Die Integrationsagenda beschränkt sich auf den Asylbereich. Bis Ende 2019 soll zusätzlich die Frage geklärt werden, wie Integrationsvorleistungen für Jugendliche und junge Erwachsene, die nicht als Asylsuchende in die Schweiz kommen, organisiert und finanziert werden.

Zusätzliche Mittel für unbegleitete minderjährige Personen

Parallel zur Integrationsagenda haben sich Bund und Kantone auch auf ein System zur fairen Abgeltung der Kosten für unbegleitete minderjährige Personen aus dem Asylbereich (MNA) geeinigt. Diese junge Menschen, die ohne familiäre Bindung in der Schweiz Schutz suchen, haben aufgrund ihres Alters, ihres Entwicklungs- und Bildungsstands und ihrer Verletzlichkeit besondere Bedürfnisse bei der Unterbringung und Betreuung als erwachsene Asylsuchende. Das führt zu höheren Kosten in den Kantonen. Eine angemessene Unterbringung und Betreuung von MNA im Asyl- und Flüchtlingsbereich stellt aber eine wichtige Voraussetzung für das Gelingen der Integration dieser jungen Personen dar.

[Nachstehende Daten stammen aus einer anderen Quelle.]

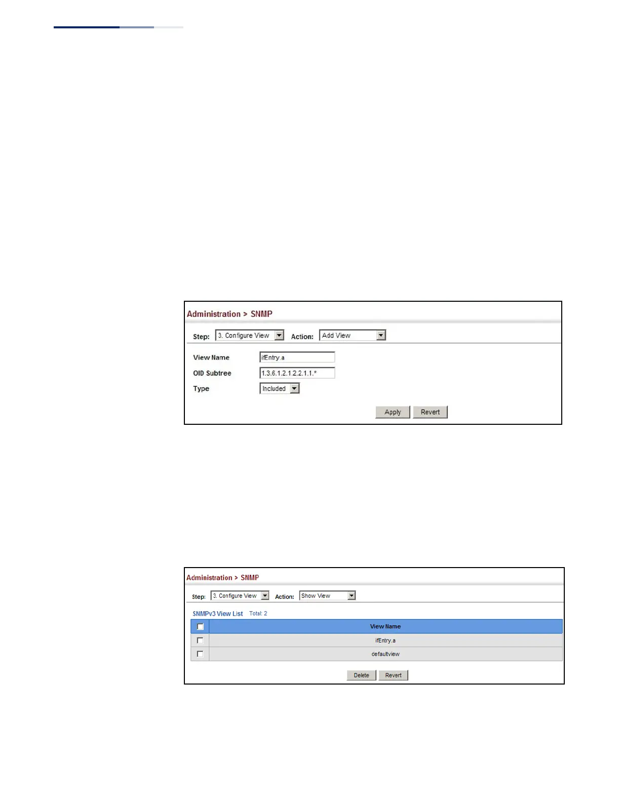 Enter a view name and specify the initial OID subtree in the switch’s MIB

Deshalb haben Bund und Kantone die entstehenden Zusatzkosten in enger Koordination mit der Integrationsagenda gemeinsam ermittelt. Demnach betragen die anrechenbaren Kosten für Betreuung und Sozialhilfe insgesamt 100 Franken pro Tag und MNA. Davon soll der Bund künftig 86 Franken übernehmen. Der Bundesrat hat heute ebenfalls entschieden, die Subventionen für die Kantone für MNA entsprechend zu erhöhen. Er hat ein Modell gutgeheissen, das auf der Zahl von MNA basiert, die sich zu einem bestimmten Zeitpunkt in der Schweiz aufhalten. Für das Jahr 2018 würden die zusätzlichen Subventionen des Bundes an die Kantone – anhand des Bestandes per Ende Januar 2018 berechnet – rund 30 Millionen Franken betragen.

Die Integrationsagenda wurde seit März 2017 gemeinsam von den zuständigen Departementen beim Bund (Eidgenössisches Justiz- und Polizeidepartement EJPD und Eidgenössisches Departement für Wirtschaft, Bildung und Forschung WBF) sowie den zuständigen kantonalen Regierungskonferenzen (Konferenz der Kantonsregierungen KdK, Konferenz der kantonalen Sozialdirektorinnen und Sozialdirektoren SODK sowie die Konferenz der kantonalen Erziehungsdirektoren EDK) erarbeitet. Sie soll im Frühjahr 2019 umgesetzt werden.